## Assignment
Working from the records below, repeat exactly the lines starting at the line that contains "Both sheets of" and ending at the line that contains "This site sammichscripts.com", inclusive.

## Input records
——————————
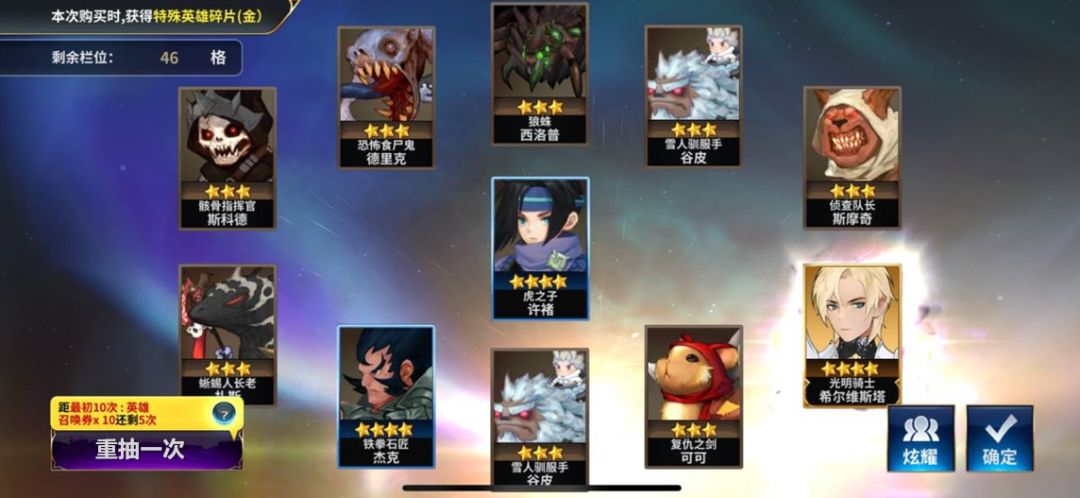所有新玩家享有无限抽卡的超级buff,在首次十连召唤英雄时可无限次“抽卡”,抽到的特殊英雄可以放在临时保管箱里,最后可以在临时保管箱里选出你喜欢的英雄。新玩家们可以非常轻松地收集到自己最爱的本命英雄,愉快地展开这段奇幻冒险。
——————————
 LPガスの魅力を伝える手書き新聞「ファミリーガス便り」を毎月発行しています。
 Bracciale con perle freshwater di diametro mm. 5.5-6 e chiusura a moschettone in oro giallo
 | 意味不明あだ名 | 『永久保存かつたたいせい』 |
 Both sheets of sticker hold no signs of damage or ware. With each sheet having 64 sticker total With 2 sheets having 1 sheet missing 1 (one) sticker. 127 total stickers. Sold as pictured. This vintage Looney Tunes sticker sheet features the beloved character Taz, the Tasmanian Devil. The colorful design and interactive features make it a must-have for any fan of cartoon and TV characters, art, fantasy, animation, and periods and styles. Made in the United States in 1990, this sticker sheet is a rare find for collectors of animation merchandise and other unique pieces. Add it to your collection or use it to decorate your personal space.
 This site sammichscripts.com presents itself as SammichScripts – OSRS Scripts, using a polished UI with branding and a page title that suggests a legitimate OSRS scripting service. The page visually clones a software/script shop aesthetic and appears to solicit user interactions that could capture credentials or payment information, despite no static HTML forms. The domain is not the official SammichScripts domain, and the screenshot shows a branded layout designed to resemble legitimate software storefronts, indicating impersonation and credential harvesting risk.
——————————
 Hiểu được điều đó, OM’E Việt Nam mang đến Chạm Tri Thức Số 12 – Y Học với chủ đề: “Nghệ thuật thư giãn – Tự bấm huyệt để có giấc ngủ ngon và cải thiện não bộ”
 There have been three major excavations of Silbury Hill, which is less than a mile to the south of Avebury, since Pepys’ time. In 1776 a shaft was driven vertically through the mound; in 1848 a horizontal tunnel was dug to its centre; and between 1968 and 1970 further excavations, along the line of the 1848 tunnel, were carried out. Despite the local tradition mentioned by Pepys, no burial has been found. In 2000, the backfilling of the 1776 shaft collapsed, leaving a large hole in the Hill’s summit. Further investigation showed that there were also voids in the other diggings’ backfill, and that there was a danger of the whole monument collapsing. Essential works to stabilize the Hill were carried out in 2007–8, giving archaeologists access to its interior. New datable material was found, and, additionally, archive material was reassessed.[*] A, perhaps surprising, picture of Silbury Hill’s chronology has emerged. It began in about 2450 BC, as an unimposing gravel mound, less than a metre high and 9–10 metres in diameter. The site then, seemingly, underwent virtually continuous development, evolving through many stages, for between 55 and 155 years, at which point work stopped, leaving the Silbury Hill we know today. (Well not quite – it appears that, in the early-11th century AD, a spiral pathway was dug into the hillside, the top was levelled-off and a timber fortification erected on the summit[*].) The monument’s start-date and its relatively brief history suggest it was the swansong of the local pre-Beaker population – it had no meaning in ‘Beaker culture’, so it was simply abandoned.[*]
——————————
## Task response
 Both sheets of sticker hold no signs of damage or ware. With each sheet having 64 sticker total With 2 sheets having 1 sheet missing 1 (one) sticker. 127 total stickers. Sold as pictured. This vintage Looney Tunes sticker sheet features the beloved character Taz, the Tasmanian Devil. The colorful design and interactive features make it a must-have for any fan of cartoon and TV characters, art, fantasy, animation, and periods and styles. Made in the United States in 1990, this sticker sheet is a rare find for collectors of animation merchandise and other unique pieces. Add it to your collection or use it to decorate your personal space.
 This site sammichscripts.com presents itself as SammichScripts – OSRS Scripts, using a polished UI with branding and a page title that suggests a legitimate OSRS scripting service. The page visually clones a software/script shop aesthetic and appears to solicit user interactions that could capture credentials or payment information, despite no static HTML forms. The domain is not the official SammichScripts domain, and the screenshot shows a branded layout designed to resemble legitimate software storefronts, indicating impersonation and credential harvesting risk.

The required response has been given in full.